Glass is a key component in the white, light-filled interior spaces. Forgoing traditional wooden balustrades, second-floor bridges that link bedrooms on both sides of the house have 42-inch-high glass sides with stainless-steel handrails. Floor-to-ceiling glass-curtain walls provide space for a home art gallery and connect the main wing of each house to a laundry-mud room and three-bay garage with private guest quarters overhead. Glass vessel sinks can be found in the bathrooms, and glass counters and Scavolini crystal-glass cabinets screen-printed with neutral colors complete the kitchen design.

An integrated iPod home audio system has a centrally located in-wall docking station in the main living area and can be heard (and volume-adjusted) in other areas of the house. “Smart home” technology gives homeowners the ability to control heat, air, lighting and security systems via mobile phones and computers.

Buffers for seclusion

Landscaping was also factored into the price of the homes, says Argila, adding that special thought was given to privacy buffers of trees. To tie in with the agrarian landscape, Jeremy Hamilton of Peconic-based Coastal Plantings and his crew combined small patches of lawn with stretches of deer-resistant native and ornamental grasses, perennials and wildflowers. Small Zen-like reflection pools complete the outdoor spaces.

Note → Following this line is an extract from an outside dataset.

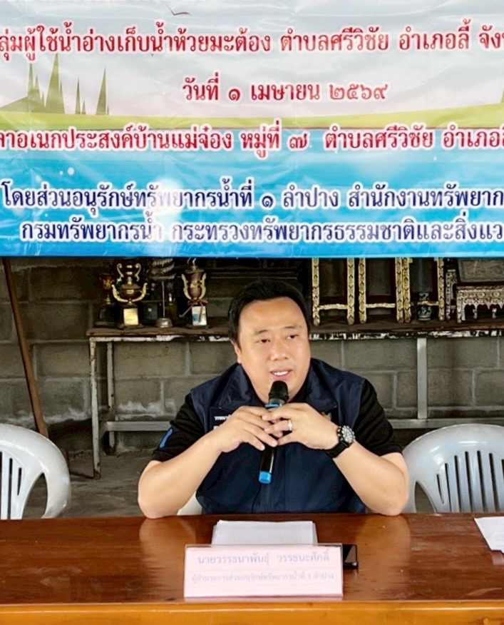 นางสาวสุพัดสอน สีมืด ผู้อำนวยการสำนักงานทรัพยากรน้ำที่ 1 มอบหมายให้ส่วนอนุรักษ์ทรัพยากรน้ำที่ 1 ลำปาง จัดโครงการประชุมเชิงปฏิบัติการเพื่อจัดตั้งและให้ความรู้กลุ่มผู้ใช้น้ำ (แหล่งน้ำที่กรมทรัพยากรน้ำดำเนินการก่อสร้างและบำรุงรักษา) กลุ่มผู้ใช้น้ำอ่างเก็บน้ำห้วยมะต้อง ณ ศาลาอเนกประสงค์บ้านแม่จ๋อง หมู่ที่ 7 ตำบลศรีวิชัย อำเภอลี้ จังหวัดลำพูน โดยมี นายประเวศน์ พรมยืน นายกเทศมนตรีตำบลศรีวิชัย เป็นประธานเปิดการประชุม มีผู้เข้าร่วมประชุม ประกอบด้วย ผู้ใหญ่บ้าน ประชาชนในพื้นที่ และกลุ่มผู้ใช้น้ำอ่างเก็บน้ำห้วยมะต้อง จำนวน 51 คนซึ่งส่วนอนุรักษ์ทรัพยากรน้ำที่ 1 ลำปาง ได้บรรยายให้ความรู้ทางวิชาการสร้างความเข้าใจเกี่ยวกับบทบาทหลักของกรมทรัพยากรน้ำและภารกิจของส่วนอนุรักษ์ทรัพยากรน้ำที่ 1 ลำปาง รวมทั้งจัดตั้งกลุ่มผู้ใช้น้ำในพื้นที่ดังกล่าว โดยมีวัตถุประสงค์เพื่อสนับสนุนการมีส่วนร่วมของประชาชน พัฒนาองค์ความรู้ เผยแพร่ประชาสัมพันธ์และสร้างเครือข่ายการบริหารจัดการน้ำที่มีความเข้มแข็ง รวมถึงสร้างความตระหนักรู้เรื่องการจัดการน้ำอย่างยั่งยืน ลดความขัดแย้งในการใช้น้ำ เพิ่มประสิทธิภาพการใช้น้ำภาคการเกษตร ส่งเสริมการอนุรักษ์ทรัพยากรน้ำ และทำให้ผู้ใช้น้ำมีส่วนร่วมในการพัฒนาและฟื้นฟูแหล่งน้ำ ซึ่งนำไปสู่การใช้น้ำอย่างมีคุณภาพและเกิดประโยชน์สูงสุดต่อชุมชนและสิ่งเเวดล้อม
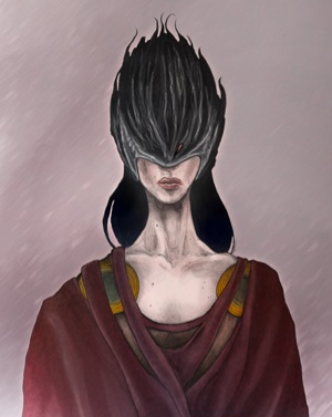 Die Tebe Qiylin Dieson in ihrer Galamaske – Der ›Irritierer‹ auf der linken Maskenseite sendet einen psionischen Schock in die Augen eventueller Widersacher und hindert diese daran schnell und effektiv zu handeln.

The Three Pillars designers – who have built nine North Fork homes since they formed five years ago – say they will market a home only after it is done. Buyers, however, can decide whether they want a pool installed (if not, a credit will be given, Clarry says), and how to customize the closet storage system.

Two more North Fork Homes are to be built inPeconic this year, and Three Pillars is acquiring land in other North Fork communities to build six to eight more. The developers say each will be an original design, and they hope to incorporate eco-friendly features.

“The North Fork is unlike any place on Long Island, and the strong interest in luxury inland properties is no surprise and will only grow,” predicts Josh Horton, a former two-term Southold supervisor who is Corcoran’s senior managing director for the North Fork and Shelter Island.

Evans Edson, branch manager for Prudential Douglas Elliman’sSouthold office, agrees. “There is definitely a market for it. I love to see builders take into consideration the feeling and beauty of an area and build esthetically pleasing homes that don’t jump out at you.”